Overall, 305 patients (ETV = 159; LAM = 146) of ETV-022 had paired baseline and week 48 liver biopsies with evaluable measurements for hepatic HBV cccDNA and total hepatic HBV DNA, and were included in this analysis. Baseline demographics and disease characteristics were comparable between the two arms. After 48 wk, ETV resulted in significantly greater reductions in hepatic HBV cccDNA [-0.9 log10 copies/human genome equivalent (HGEq) vs -0.7 log10 copies/HGEq; P = 0.0033] and total hepatic DNA levels (-2.1 log10 copies/HGEq vs -1.6 log10 copies/HGEq; P < 0.0001) than LAM. Virologic, biochemical, and histologic response rates at week 48 were also greater with ETV than with LAM. Baseline HBV cccDNA levels were positively associated with baseline levels of serum HBV DNA and total hepatic HBV DNA, and negatively associated with HBV genotype F. On-treatment changes in HBV cccDNA levels were negatively associated with baseline levels of serum HBV DNA and baseline ALT, and were positively associated with on-treatment changes in the levels of serum HBV DNA, total hepatic HBV DNA levels, and ALT, change in Knodell necroinflammatory score, and HBeAg loss.

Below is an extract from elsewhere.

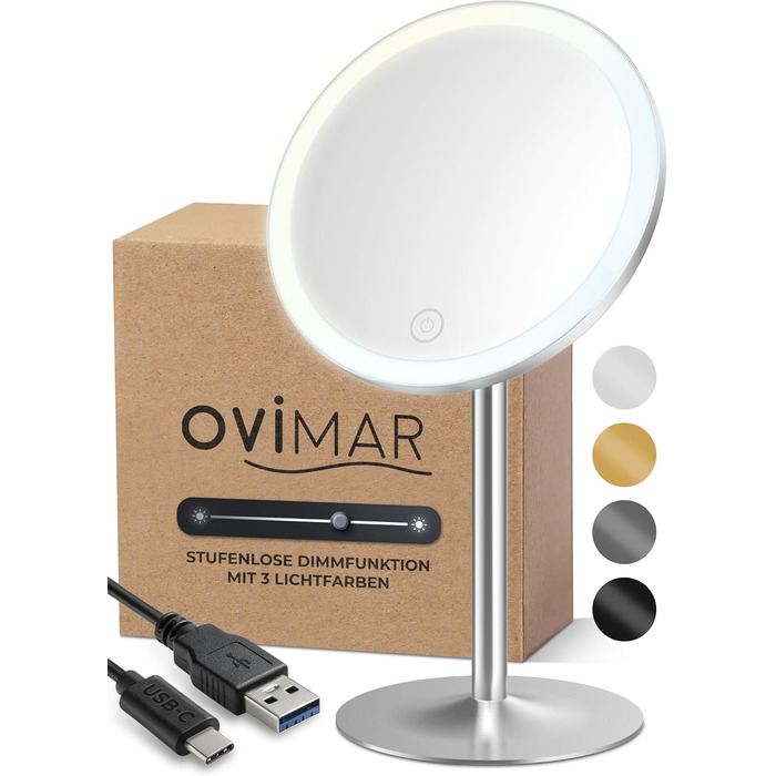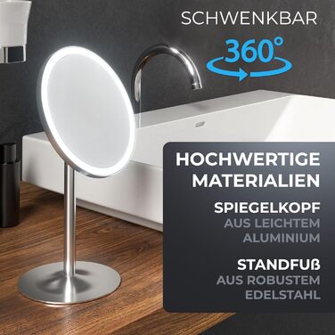 Косметичне дзеркало Bogo silver з підсвічуванням акумуляторне окремо стояче у ванній кімнаті дзеркало з 5-кратним збільшенням дзеркало для макіяжу з підсвічуванням дзеркало на 360 градусів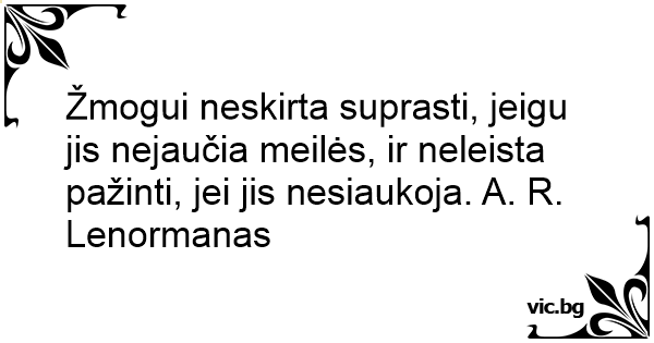 Žmogui neskirta suprasti, jeigu jis nejaučia meilės, ir neleista pažinti, jei jis nesiaukoja. A. R. Lenormanas

Forty-eight weeks of ETV resulted in greater reductions in cccDNA and total hepatic HBV DNA than LAM, but long-term therapy may be needed for cccDNA elimination.
研究恩替卡韦(ETV)或拉米夫定(LAM)对乙肝病毒(HBV)共价闭合环状DNA(cccDNA)的降低作用。
本分析纳入了参与随机III期研究ETV - 022的患者,该研究在初治、HBeAg阳性患者中比较ETV与LAM。患者接受ETV(每日0.5 mg)或LAM(每日100 mg)治疗至少52周。如果患者在基线和第48周进行了配对活检,且肝内HBV cccDNA和肝内总HBV DNA测量值可评估,则有资格参与本亚研究。主要目的是比较ETV或LAM治疗第48周时肝内HBV cccDNA和肝内总HBV DNA的变化,这是研究ETV - 022的次要终点。额外的事后分析包括线性回归分析,以评估cccDNA的基线水平和治疗期间变化与其他基线因素[性别、年龄、血清HBV DNA、丙氨酸氨基转移酶(ALT)、Knodell坏死性炎症评分、Ishak纤维化评分、肝内总HBV DNA和HBV基因型],或治疗因素(第48周时血清HBV DNA、ALT、Knodell坏死性炎症评分、Ishak纤维化评分、肝内总HBV DNA的基线变化以及第48周时HBeAg消失情况)之间的关联。
总体而言,ETV - 022研究中的305例患者(ETV组 = 159例;LAM组 = 146例)在基线和第48周进行了配对肝活检,且肝内HBV cccDNA和肝内总HBV DNA测量值可评估,纳入了本分析。两组基线人口统计学和疾病特征具有可比性。48周后,ETV导致肝内HBV cccDNA的降低幅度显著大于LAM(-0.9 log10拷贝/人类基因组当量(HGEq)对-0.7 log10拷贝/HGEq;P = 0.0033),肝内总DNA水平亦是如此(-2.1 log10拷贝/HGEq对-1.6 log10拷贝/HGEq;P < 0.0001)。第48周时,ETV的病毒学、生化和组织学应答率也高于LAM。基线HBV cccDNA水平与血清HBV DNA和肝内总HBV DNA的基线水平呈正相关,与HBV基因型F呈负相关。HBV cccDNA水平的治疗期间变化与血清HBV DNA和基线ALT的基线水平呈负相关,与血清HBV DNA水平、肝内总HBV DNA水平、ALT的治疗期间变化、Knodell坏死性炎症评分变化和HBeAg消失呈正相关。
48周的ETV治疗导致cccDNA和肝内总HBV DNA的降低幅度大于LAM,但可能需要长期治疗以消除cccDNA。